Renpy Review

(This article is old. I haven't revisited Renpy in years, so my opinions might be different now.)

How Renpy and I met

Renpy is a visual novel engine. I got into it after playing Doki Doki Literature Club, which is made with it. DDLC is far and away the best story I've ever seen and had such a huge impact on me than it was the first game I ever played mods for. There's a large modding community and they've come up with some really great extensions to the story. After playing a few (I got lucky and tried most of the best ones first), I was finally motivated to make one myself.

DDLC review

Hence came MC's Revenge, a project I picked up from another modder who abandoned it for adoption. I finished MCR and the reception was good, so not long later I took up a much larger project that I'd actually been planning while I was making MCR, Return To The Portrait.

MC's Revenge

Return To The Portrait

RTTP was a lot more ambitious and required me to deal with Renpy in a lot more depth, so I got to see the ugly complexities and learned to understand most of Dan's code in the original DDLC. So that's my experience with Renpy.

Okay, this is going to be kind of an unfair review because I'm only counting my grievances. That's genuinely how I feel about Renpy - I just never encountered anything that worked better or more easily than I expected. This is probably because I've never used any other VN engine, so I don't know, maybe Renpy is the best one out there. But I do know that it has a lot of weak areas, many of which seem like they would've been easy to design better.

Complex character sprites aren't well supported

Expresive characters in a VN will have different sprite components that can be mixed and matched for a large number of posssible "poses". The standard of flexibility I've come to see as meager for a main character is: 2 left arm positions, 2 right arm positions, 6 mouths, 2 cheeks (normal and blush), 4 eyes (normal/shocked/side/closed), and 3 eyebrows (normal, angry, scared/remorseful); and you can combine them into hundreds if not thousands of combinations.

Unfortunately, Renpy seems designed with the assumption of sprites vastly less expressive than that, since you have to define each image you're going to use during init with an `image` statement, and for character poses that means a line for *every permutation you're going to use*. You can't dynamically generate their pose tags.
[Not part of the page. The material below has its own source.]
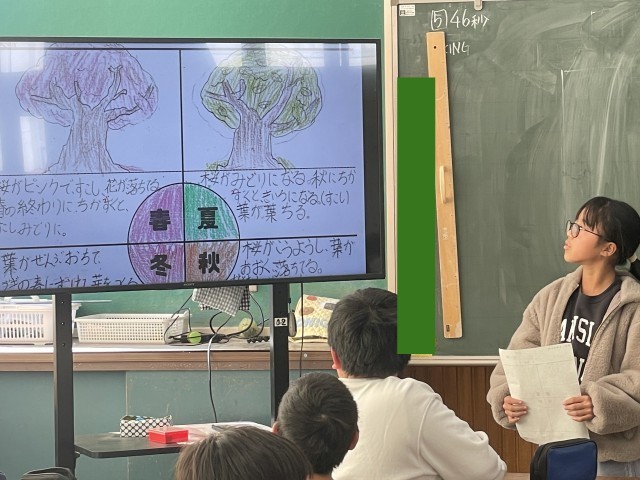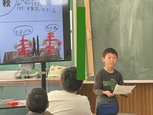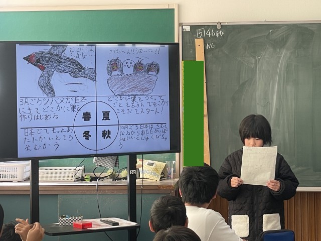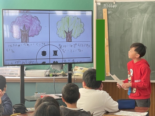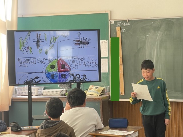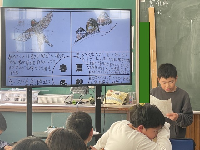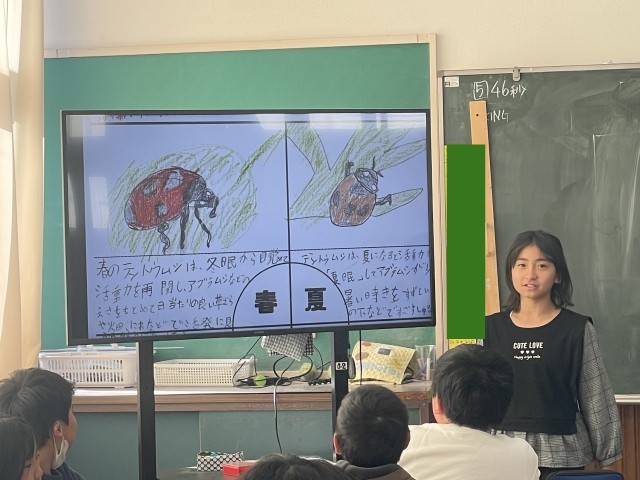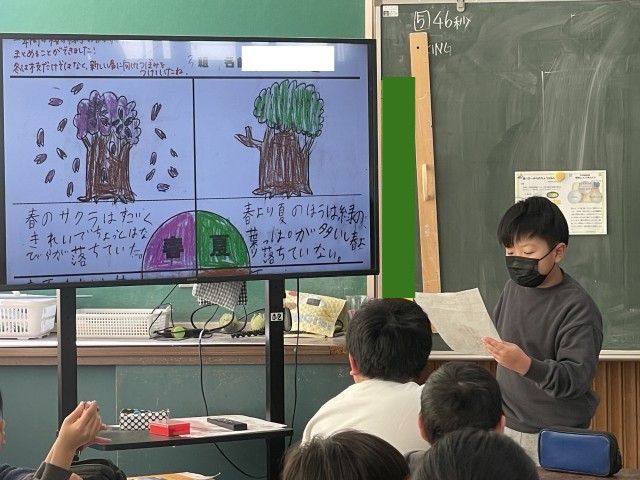 4-3の理科の様子です。生物の1年の成長をまとめて発表しました。

They added the `layeredimage` statement in Renpy 7 as an attempt at a more sophisticated way of handling this, but it's got a slew of its own problems. It makes your tags insufferably long since each component has to be space-delimited *and* have a unique prefix typed out everywhere you use it (compare `sayori u11111` to `sayori ul1 ur1 m1 c1 e1 b1`), it doesn't support composing other layered images as far as I can tell, and it seems to cause incorrect image composition (some layers appear with lines of pixels missing between them that worked with hardcoding `im.Composite`), and so despite how badly I needed this feature for RTTP and how many hours I sank into trying to make it work, I ended up not using it. (Part of the difficulty is that the main DDLC characters also have two different outfits and *secondary poses* which make this even more complex, and one of them has two heads (normal and looking away), both of which can be used on either pose. The `layereredimage` system didn't seem able to accomodate that.)

https://www.renpy.org/doc/html/layeredimage.html

A good visual novel engine would be designed with the assumption that a character will have too many possible poses to hardcode them all, so it would support using a function that converts the posecode as a string to whatever object the engine takes for its `show` statement.
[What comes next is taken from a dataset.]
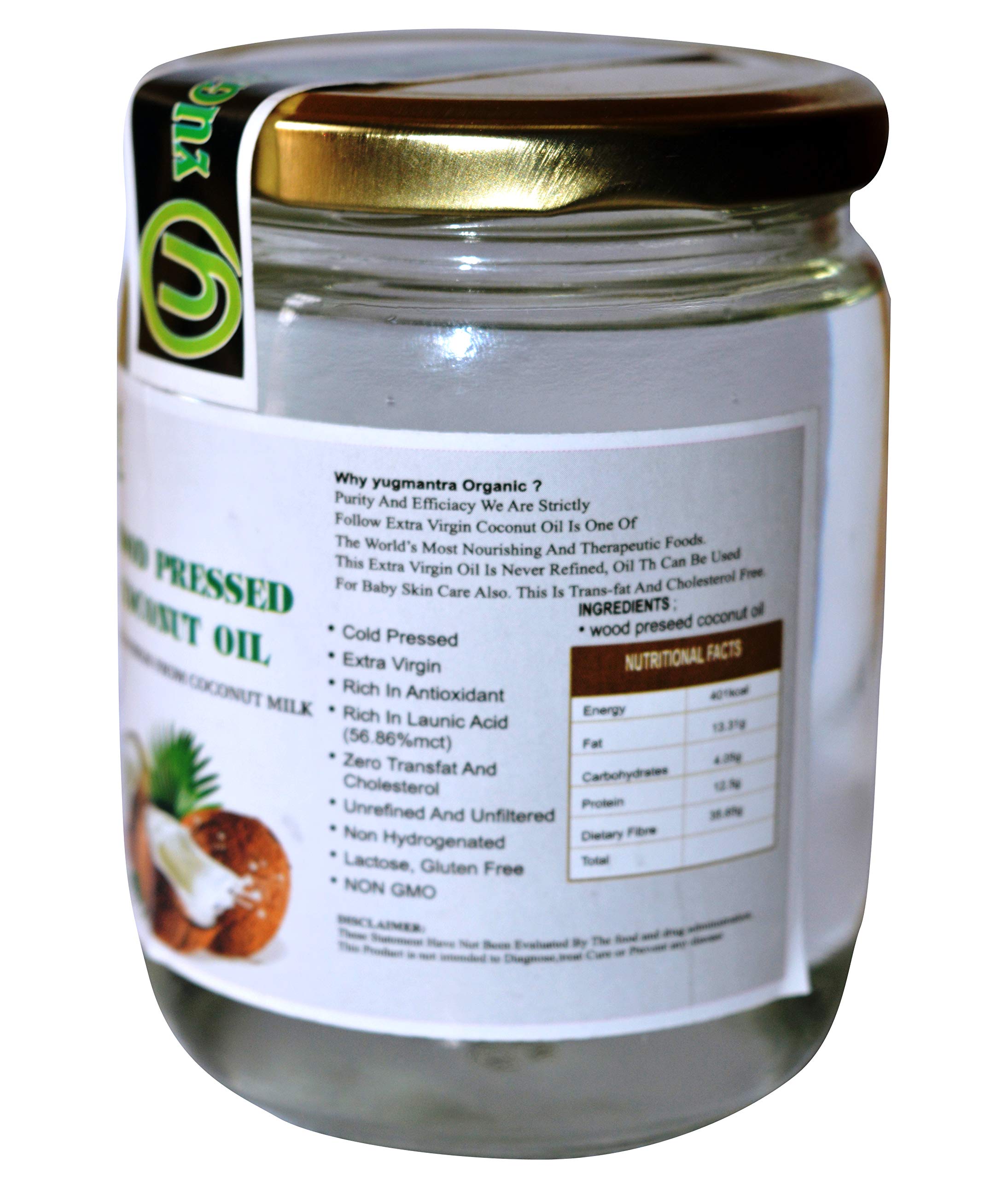 Extra Virgin Organic Coconut Oil is one of the worldâs most nourishing and therapeutic foods. This Extra Virgin oil is never refined bleached or de-odorized. This is made from the freshest and organically grown coconuts. Fresh coconut is shredded and cold pressed to make coconut milk and this extra virgin oil is centrifuged from the coconut milk. The creamy extra virgin oil has rich aroma and enticing light coconut taste. Being zero chemical and natural oil it can be used for baby skin care also. This is transfat and cholesterol free Gluten and Lactose free and Non GMO. As this is rich in Anti-oxidants thus should be used not only in raw form but also for your regular cooking. Consume daily this hugely beneficial extra virgin Coconut oil.

This inadequacy is the whole reason the community member AgentGold had to write the 1800-line `Create_Definitions.pl` for DDLC modders. Implementing pose codes better would have saved most if not all of that tremendous amount of work, as well as hundreds of lines of `image` declarations in almost every VN made with Renpy (which noticeably slow down startup - starting RTTP for the first time can take a whole minute before the window comes up). It would enable developers and their artists to create more flexible and more expressive character sprites.

Too many DSLs... that all do the same thing

I'd expect to run into at least one DSL for a visual novel engine. Script language makes sense. But Renpy has two DSLs besides script language and the `layeredimage` language, and neither of them is simple or intuitive:

screen language

ATL (animation/transformation language)

In screen language, you give each button an `Action` attribute, and the `Action` is syntactically treated as a Python function call. Even the `NullAction` used when you want a button to do nothing is specified with `action NullAction()`.
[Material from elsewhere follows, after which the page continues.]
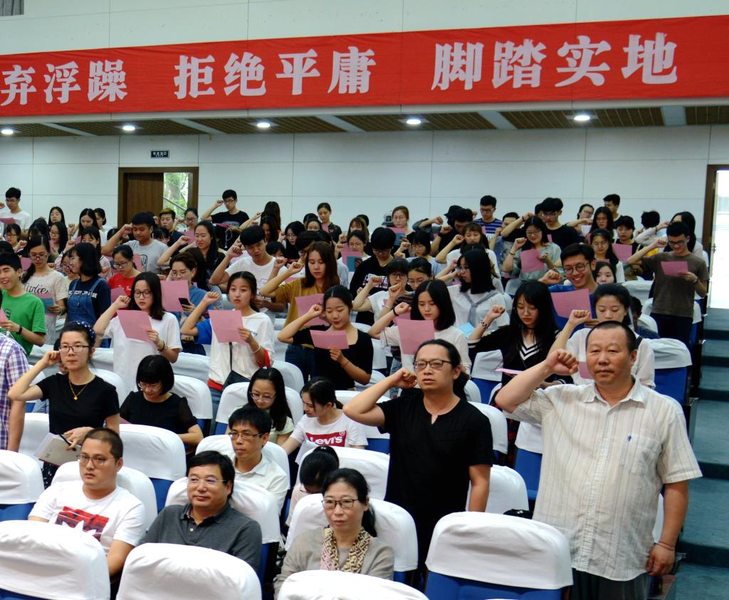 外事处处长冯燕对2017年百人计划基本情况作了介绍。医学院陈小萍作为带队教师代表发言,表示将认真负责完成带队任务,在学习和生活中给予学生及时的指导和帮助;同时也积极参加学术交流,推动学校和国外院校建立学术联系。人文学院方楠代表交流学生发言,感谢学校给予机会,让同学们走出国门,去看更广阔的世界。她表示将怀着一颗感恩的心,做好文化交流与传播。随后,参与计划的师生共同宣誓。

That's awkward, but the worse problem I have with screen language is that a lot of it seems to just be duplicating the functionality of either Python or Renpy script. Built-in Actions include `Call`, `Jump`, `Show`, `Hide`, `Return`, `SetVariable`, `If` (it takes a condition / action if true / action if false)... any of those sound familiar? There's a screen language version for just about every Renpy script statement I can think of, which is just capitalized and has different syntax. (Note that you also use actual Python flow control constructs in screen definitions, and even outright embed Python code and use variables, so I'm not sure if there's ever a need for `If`.)

Screen Actions

You also can specify multiple actions by passing a *Python list* of actions to the `action` attribute, even though you don't wrap it in a list if there's only one. This is a shining example of why convenience shortcuts can be harmful: if you're learning by example like I was, you see an action specified without brackets and naturally assume that passing a Python list would be either a SyntaxError or a TypeError. If single actions had to be wrapped in brackets, the readability cost of finished code would be minimal and Renpy would be more self-documenting.

There's a lot more to this myriad of redundancy and confusion. Buttons in screen language can be made to show up but not be clickable with their `sensitive` property. *Or* this can be done by using the `SensitiveIf()` action - *as a member in a list of actions*. Because that makes sense. (I learned this way of doing it first, which led me to believe that it was the only way because it's so obviously the worst that I don't think anyone would choose it if they knew any other way.)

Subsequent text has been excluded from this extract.